Return the material below exactly, but only from the line with "- Support at" through the line with "- Materiales: estructura", and without its pictures.

● **PROVIDED MATERIAL**
_ _ _ _ _ _ _

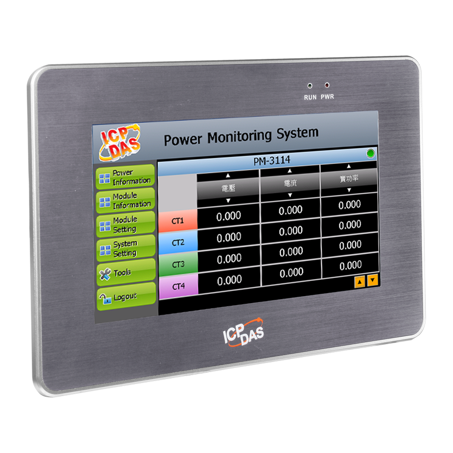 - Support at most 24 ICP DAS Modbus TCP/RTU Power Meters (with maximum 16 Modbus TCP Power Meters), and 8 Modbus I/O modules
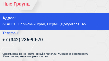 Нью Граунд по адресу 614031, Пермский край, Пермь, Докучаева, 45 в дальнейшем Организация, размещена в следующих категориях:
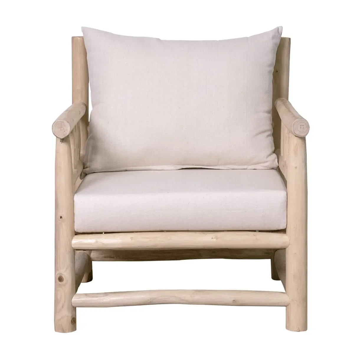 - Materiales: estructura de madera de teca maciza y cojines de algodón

_ _ _ _ _ _ _

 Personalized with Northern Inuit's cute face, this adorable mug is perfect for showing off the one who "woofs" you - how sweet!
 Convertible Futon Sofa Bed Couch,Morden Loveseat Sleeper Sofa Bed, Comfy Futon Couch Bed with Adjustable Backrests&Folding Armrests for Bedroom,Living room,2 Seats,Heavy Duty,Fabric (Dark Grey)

_ _ _ _ _ _ _

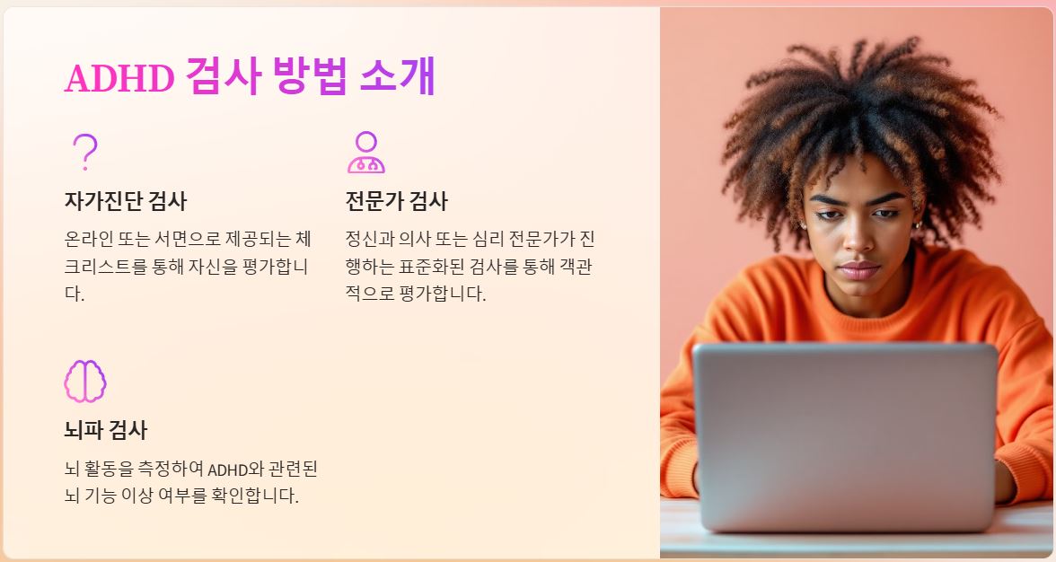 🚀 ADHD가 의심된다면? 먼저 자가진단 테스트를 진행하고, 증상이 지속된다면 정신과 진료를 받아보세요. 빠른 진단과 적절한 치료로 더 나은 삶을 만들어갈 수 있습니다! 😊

_ _ _ _ _ _ _

● **WRITTEN SOLUTION**
 - Support at most 24 ICP DAS Modbus TCP/RTU Power Meters (with maximum 16 Modbus TCP Power Meters), and 8 Modbus I/O modules
 Нью Граунд по адресу 614031, Пермский край, Пермь, Докучаева, 45 в дальнейшем Организация, размещена в следующих категориях:
 - Materiales: estructura de madera de teca maciza y cojines de algodón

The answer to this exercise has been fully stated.